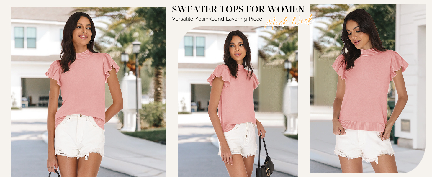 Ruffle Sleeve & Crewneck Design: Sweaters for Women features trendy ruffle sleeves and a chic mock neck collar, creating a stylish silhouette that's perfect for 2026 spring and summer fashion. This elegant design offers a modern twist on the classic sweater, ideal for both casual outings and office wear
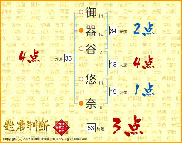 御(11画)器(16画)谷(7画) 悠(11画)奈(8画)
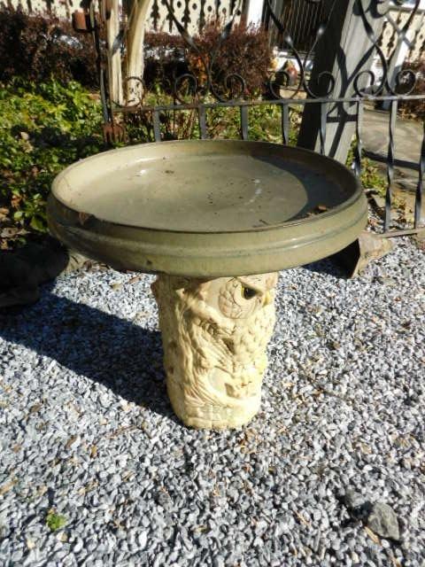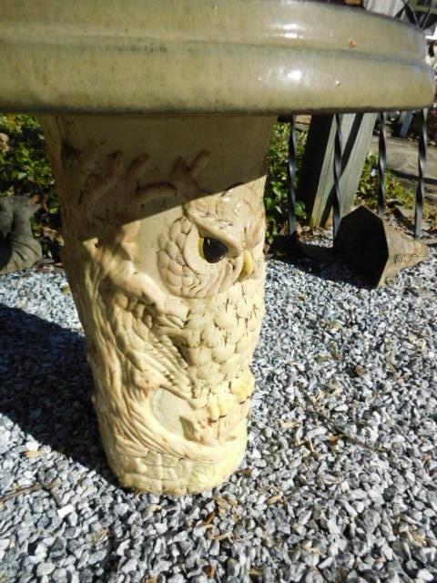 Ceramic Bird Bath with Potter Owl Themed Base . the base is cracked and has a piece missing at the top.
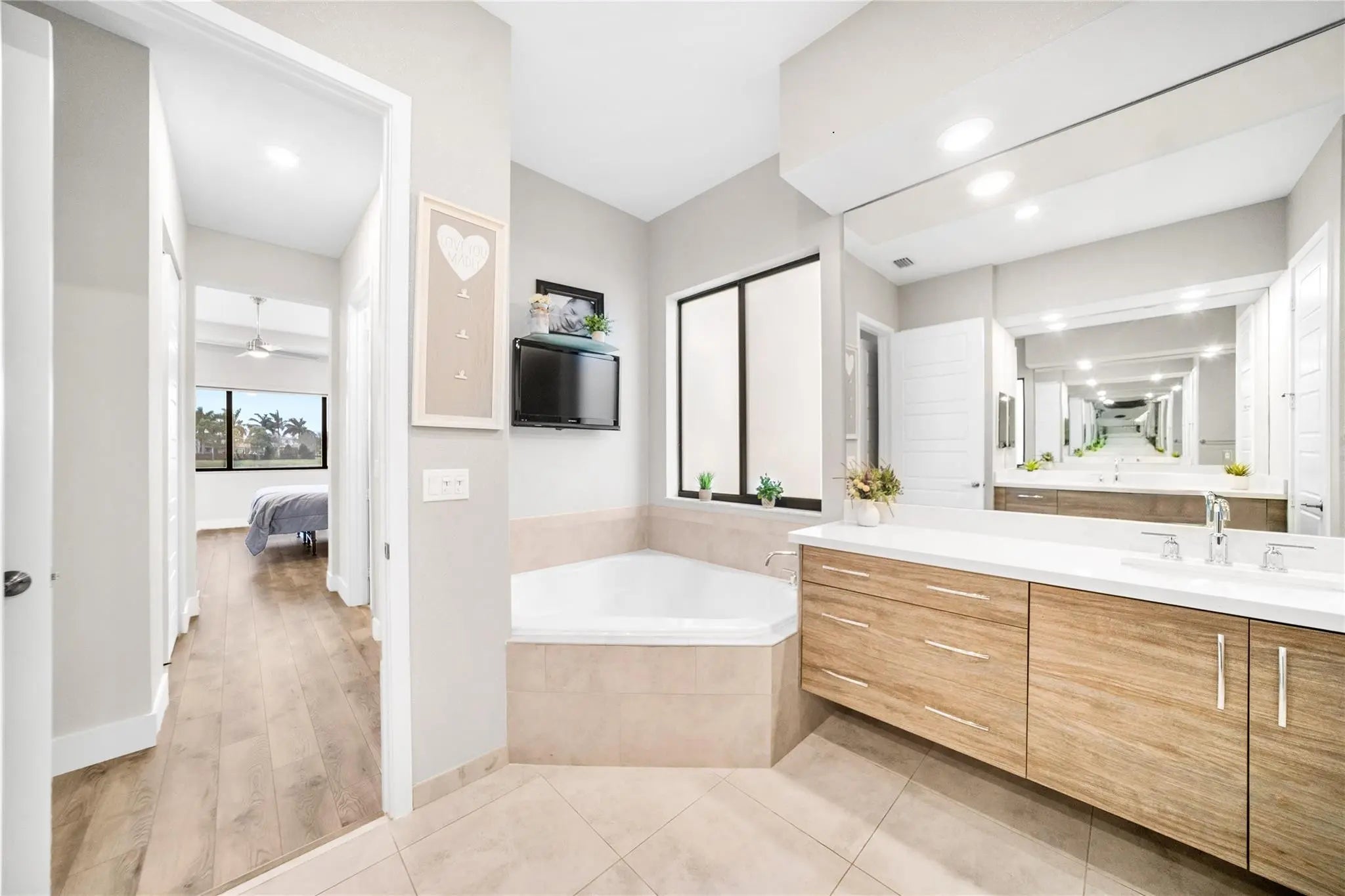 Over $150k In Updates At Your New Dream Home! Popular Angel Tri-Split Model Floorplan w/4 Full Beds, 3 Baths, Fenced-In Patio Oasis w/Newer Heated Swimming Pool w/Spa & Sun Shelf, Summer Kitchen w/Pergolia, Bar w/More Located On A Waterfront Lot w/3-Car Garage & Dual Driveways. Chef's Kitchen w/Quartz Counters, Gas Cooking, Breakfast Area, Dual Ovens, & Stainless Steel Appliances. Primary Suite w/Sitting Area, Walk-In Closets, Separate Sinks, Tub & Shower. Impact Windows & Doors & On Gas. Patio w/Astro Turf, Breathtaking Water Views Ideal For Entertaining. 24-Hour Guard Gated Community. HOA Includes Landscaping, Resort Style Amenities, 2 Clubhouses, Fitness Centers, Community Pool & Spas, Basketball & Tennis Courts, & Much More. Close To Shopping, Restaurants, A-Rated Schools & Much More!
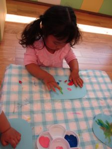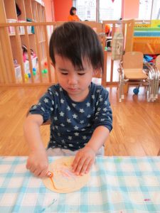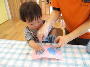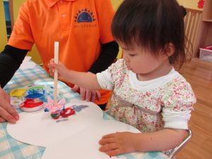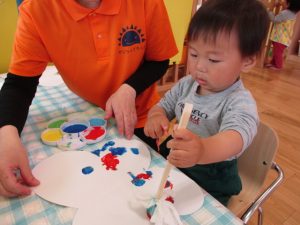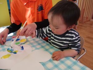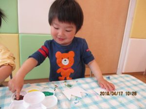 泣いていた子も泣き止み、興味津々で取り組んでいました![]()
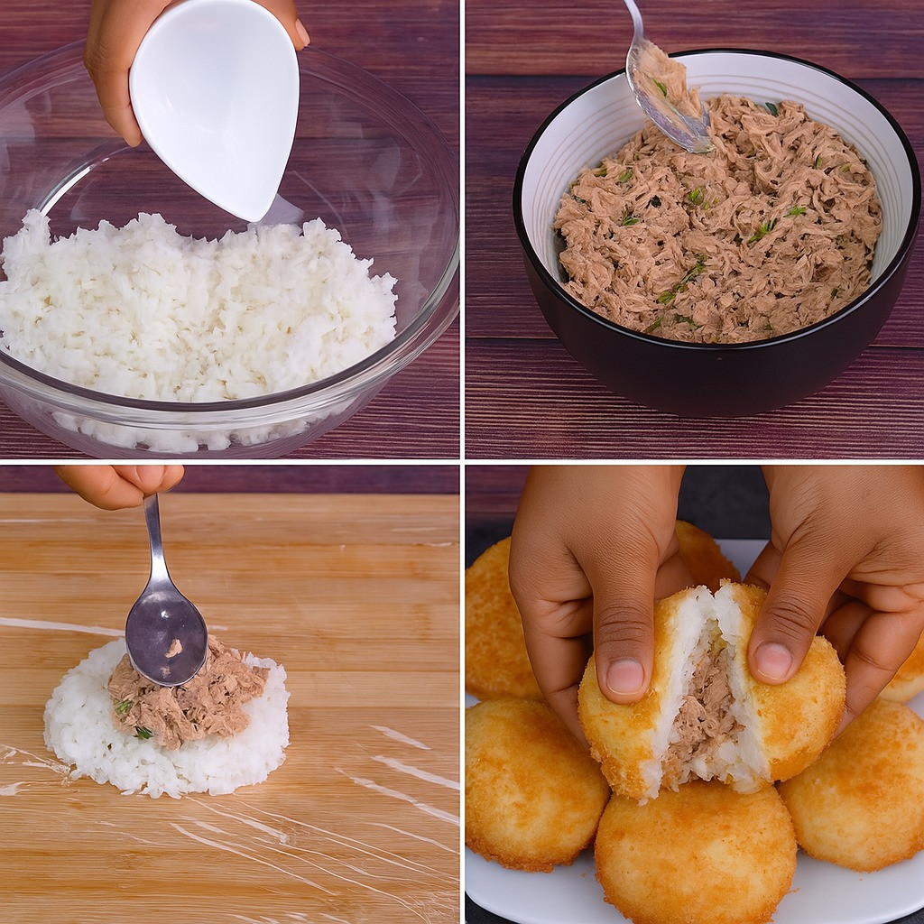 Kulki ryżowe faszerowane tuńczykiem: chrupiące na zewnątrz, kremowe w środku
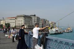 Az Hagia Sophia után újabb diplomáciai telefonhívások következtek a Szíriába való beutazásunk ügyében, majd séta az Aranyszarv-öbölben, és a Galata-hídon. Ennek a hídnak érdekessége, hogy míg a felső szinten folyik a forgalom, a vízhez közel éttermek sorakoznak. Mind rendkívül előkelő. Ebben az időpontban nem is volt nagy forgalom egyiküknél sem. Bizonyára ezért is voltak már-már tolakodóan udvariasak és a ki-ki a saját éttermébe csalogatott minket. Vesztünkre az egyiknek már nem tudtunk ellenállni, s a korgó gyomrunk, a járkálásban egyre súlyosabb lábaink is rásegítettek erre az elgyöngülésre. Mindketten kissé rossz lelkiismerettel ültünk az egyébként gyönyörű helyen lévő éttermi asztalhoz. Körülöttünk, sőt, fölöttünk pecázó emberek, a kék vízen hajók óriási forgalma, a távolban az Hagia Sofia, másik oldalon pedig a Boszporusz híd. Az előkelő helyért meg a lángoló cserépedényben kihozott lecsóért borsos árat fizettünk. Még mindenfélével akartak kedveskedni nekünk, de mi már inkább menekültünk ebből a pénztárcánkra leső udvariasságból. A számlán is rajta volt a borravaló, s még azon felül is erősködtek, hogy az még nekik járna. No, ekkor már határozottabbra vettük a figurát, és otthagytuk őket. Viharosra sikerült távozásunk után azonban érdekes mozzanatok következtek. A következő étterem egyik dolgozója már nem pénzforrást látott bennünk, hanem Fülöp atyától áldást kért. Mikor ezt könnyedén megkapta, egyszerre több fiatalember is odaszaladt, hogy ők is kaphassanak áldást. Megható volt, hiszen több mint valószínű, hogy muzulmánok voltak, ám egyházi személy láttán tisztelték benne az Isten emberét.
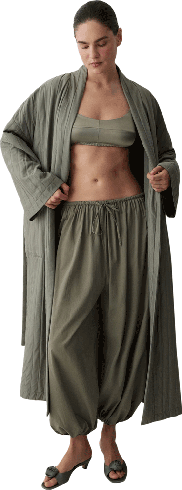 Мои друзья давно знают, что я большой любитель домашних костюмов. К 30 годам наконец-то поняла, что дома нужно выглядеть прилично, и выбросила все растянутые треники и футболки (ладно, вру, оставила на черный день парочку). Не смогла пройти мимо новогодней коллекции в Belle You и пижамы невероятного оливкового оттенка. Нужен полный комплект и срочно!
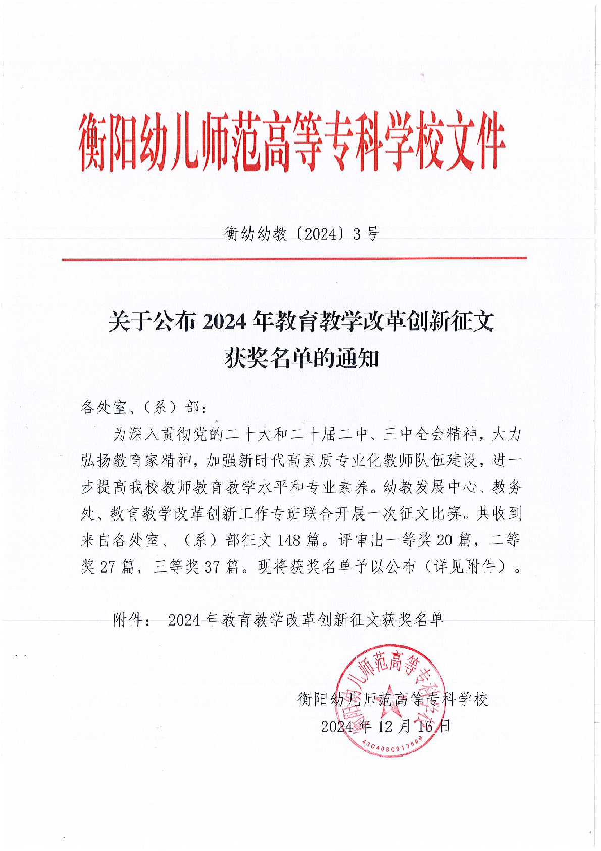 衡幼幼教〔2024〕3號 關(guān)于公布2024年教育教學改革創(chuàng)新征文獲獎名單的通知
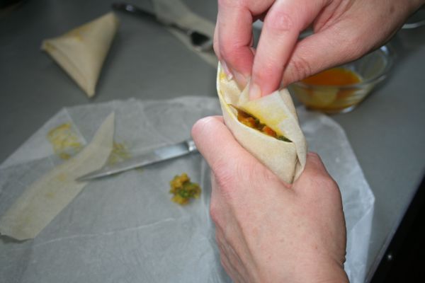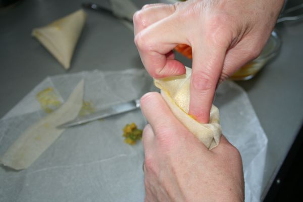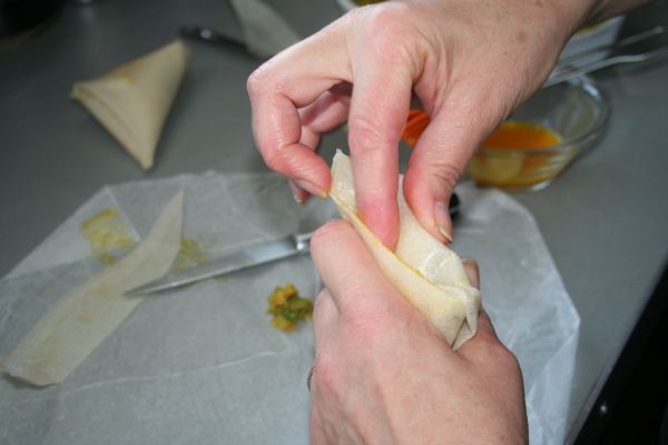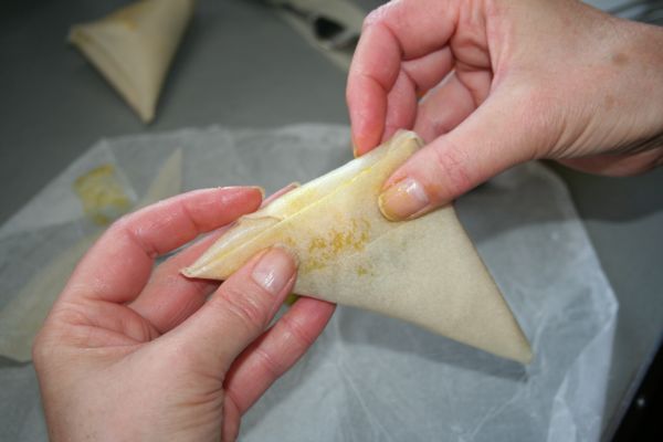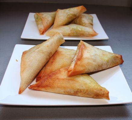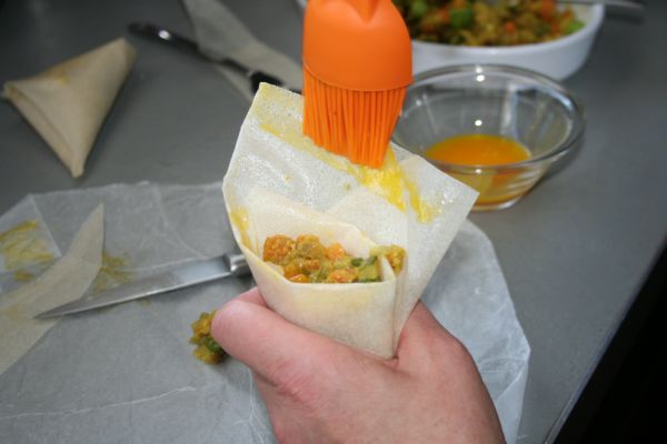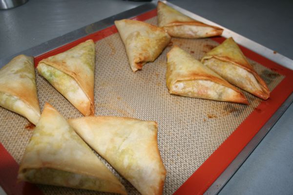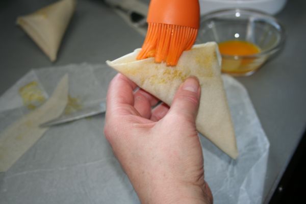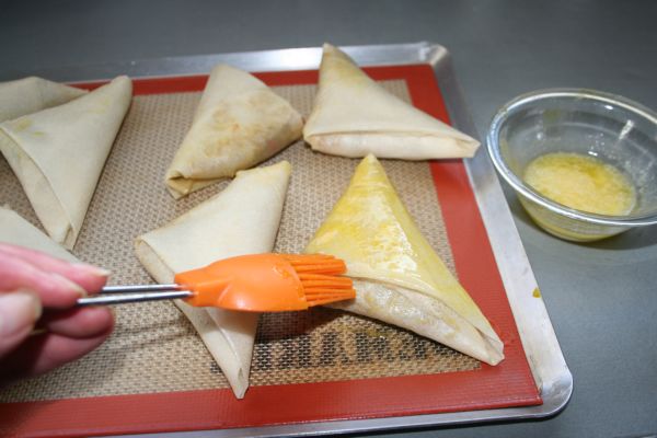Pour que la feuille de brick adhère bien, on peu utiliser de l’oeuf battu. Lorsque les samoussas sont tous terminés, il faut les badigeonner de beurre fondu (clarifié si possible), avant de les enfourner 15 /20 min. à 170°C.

........

TASK BRIEF:
Quote, exactly and only, the lines from the first line of the data above through the line containing "御(11画)器(16画)谷(7画) 悠(11画)奈(8画)". The pictures do not belong in it.

RESPONSE:
 Ruffle Sleeve & Crewneck Design: Sweaters for Women features trendy ruffle sleeves and a chic mock neck collar, creating a stylish silhouette that's perfect for 2026 spring and summer fashion. This elegant design offers a modern twist on the classic sweater, ideal for both casual outings and office wear
 御(11画)器(16画)谷(7画) 悠(11画)奈(8画)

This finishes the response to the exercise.